▸ **WHAT TO WORK ON**:
The reply must consist of the complete listing, reproduced exactly, with no images included.

(MATERIAL PROVIDED begins)

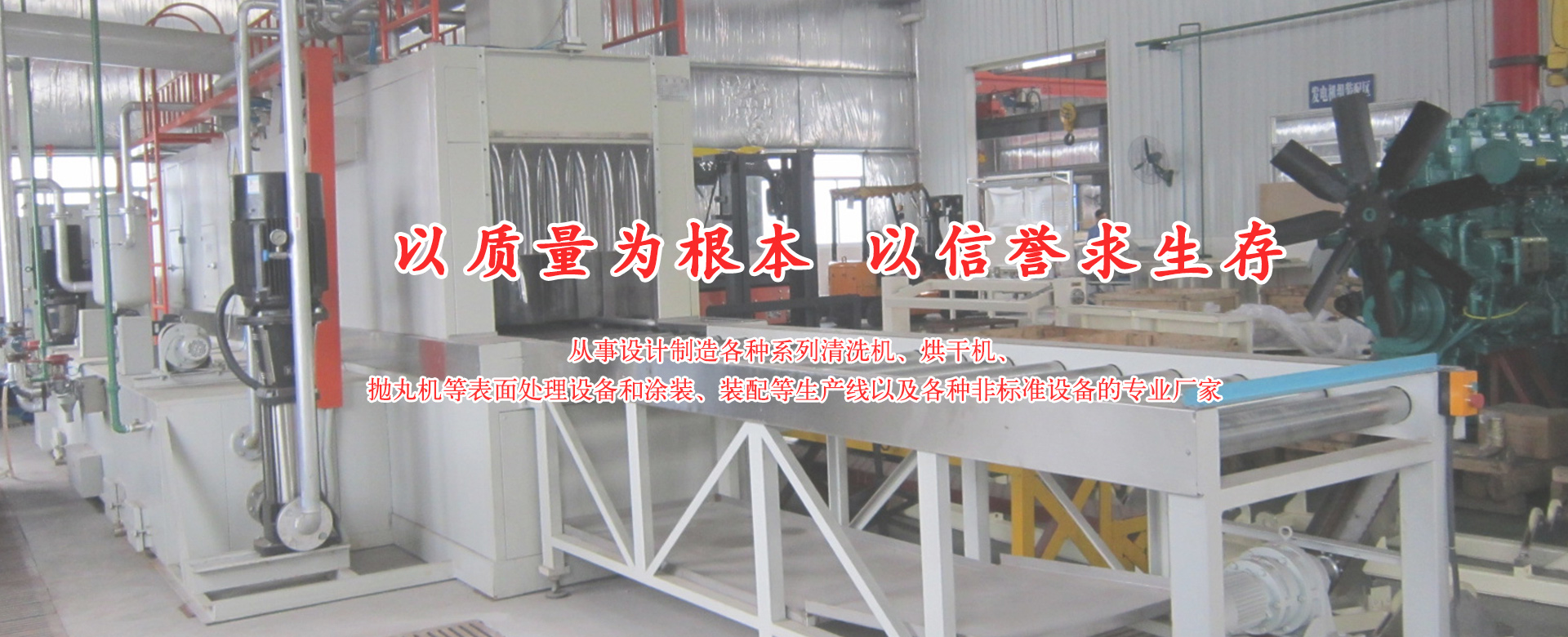 從事設計制造各種系列清洗機、烘干機、拋丸機等表面處理設備和涂裝、裝配等生產線以及各種非標準設備的專業廠家。
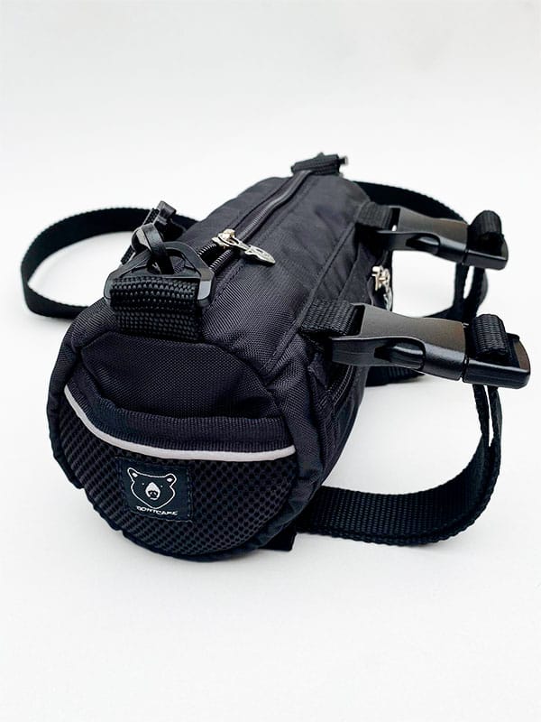 Canguro para Bicicleta forrado interior, esta hecho en material impermeable, bolsillo interior, bolsillo exterior y bolsillos laterales.Disponible en negro
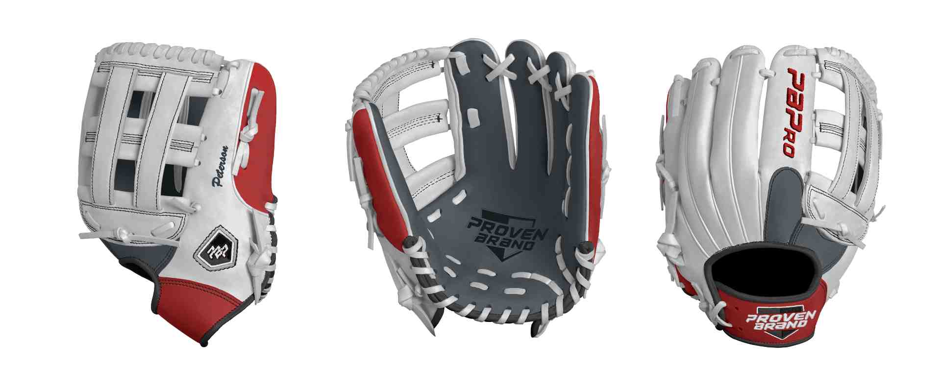 Category: PBPro Custom Product: Baseball Series: Phantom Series | USD 169.00 Glove Type: Fielders Size: 12.25" Finger Pad: With Finger Pad Web: Pro H Web Palm: Palm (Color: Steel Gray) Back Shell Main: Back Shell Main (Color: White) Back Shell Accent: Back Shell Accent (Color: Red) Web: Web (Color: White) Finger Pad: Finger Pad (Color: Steel Gray) Welting: Welting (Color: White) Binding: Binding (Color: Black) Lace: Lace (Color: White) Logo and Label-flat: Logo and Label-flat (Color: Black) Stitch: Stitch (Color: Black) Embroidery: Embroidery (Color: Red) Hand Throw: Right Hand Thrower Lace Length: Normal Flex (will not show in customizer): Standard Flex: ( Ideal for Youth Player. Glove still needs to break in) Wrist Opening (will not show in customizer): Standard Wrist Name: Peterson (Font Style: Brush Script MT, Font Color: Steel Gray, Patch Color: N/A) Flag (Ring Finger): United States Remarks: N/A
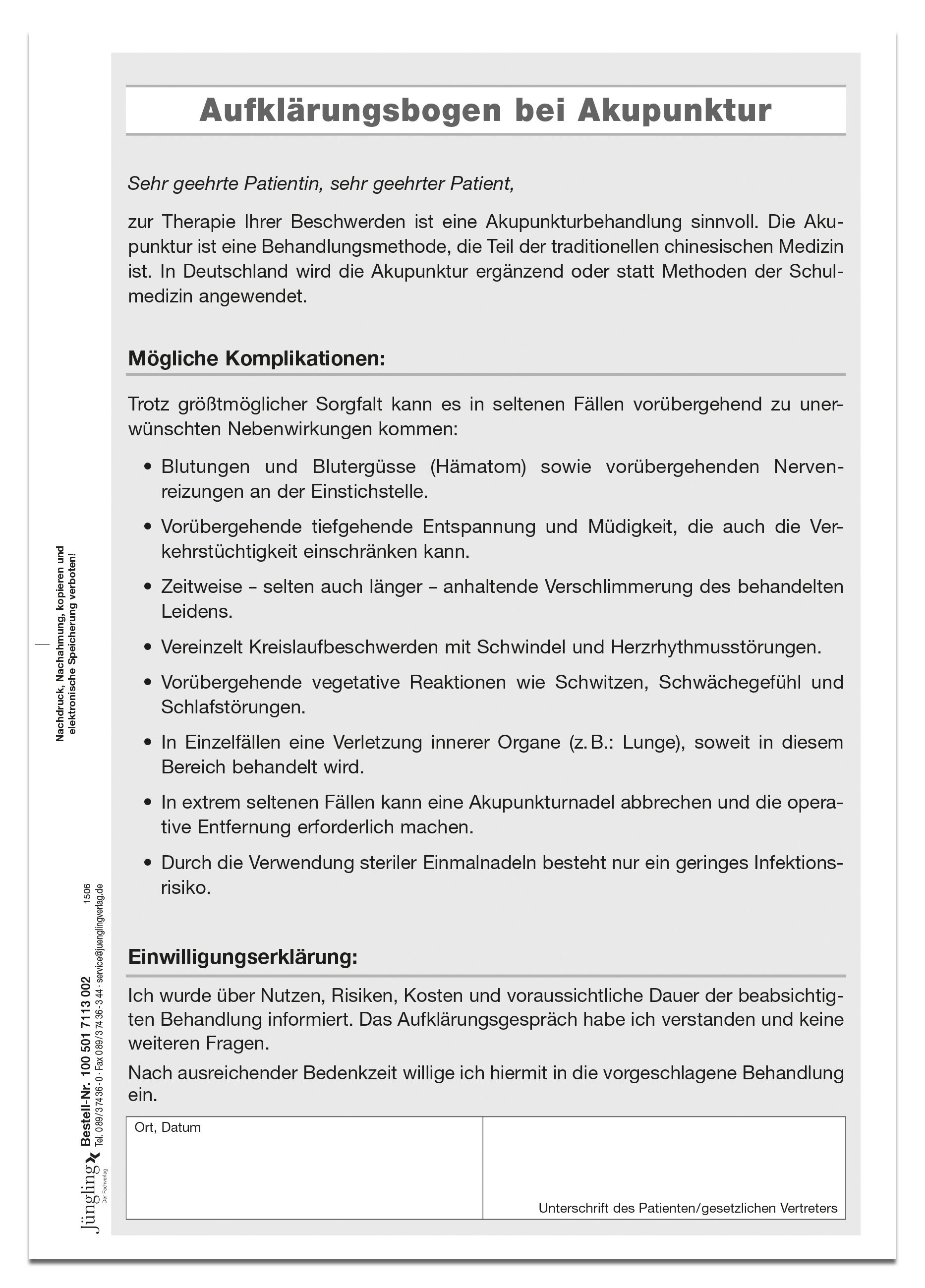 Produktinformationen "Aufklärungsbogen Akupunktur, 2-fach selbstdurchschreibend"

(MATERIAL PROVIDED ends)

▸ **EXERCISE RESPONSE**:
 從事設計制造各種系列清洗機、烘干機、拋丸機等表面處理設備和涂裝、裝配等生產線以及各種非標準設備的專業廠家。
 Canguro para Bicicleta forrado interior, esta hecho en material impermeable, bolsillo interior, bolsillo exterior y bolsillos laterales.Disponible en negro
 Category: PBPro Custom Product: Baseball Series: Phantom Series | USD 169.00 Glove Type: Fielders Size: 12.25" Finger Pad: With Finger Pad Web: Pro H Web Palm: Palm (Color: Steel Gray) Back Shell Main: Back Shell Main (Color: White) Back Shell Accent: Back Shell Accent (Color: Red) Web: Web (Color: White) Finger Pad: Finger Pad (Color: Steel Gray) Welting: Welting (Color: White) Binding: Binding (Color: Black) Lace: Lace (Color: White) Logo and Label-flat: Logo and Label-flat (Color: Black) Stitch: Stitch (Color: Black) Embroidery: Embroidery (Color: Red) Hand Throw: Right Hand Thrower Lace Length: Normal Flex (will not show in customizer): Standard Flex: ( Ideal for Youth Player. Glove still needs to break in) Wrist Opening (will not show in customizer): Standard Wrist Name: Peterson (Font Style: Brush Script MT, Font Color: Steel Gray, Patch Color: N/A) Flag (Ring Finger): United States Remarks: N/A
 Produktinformationen "Aufklärungsbogen Akupunktur, 2-fach selbstdurchschreibend"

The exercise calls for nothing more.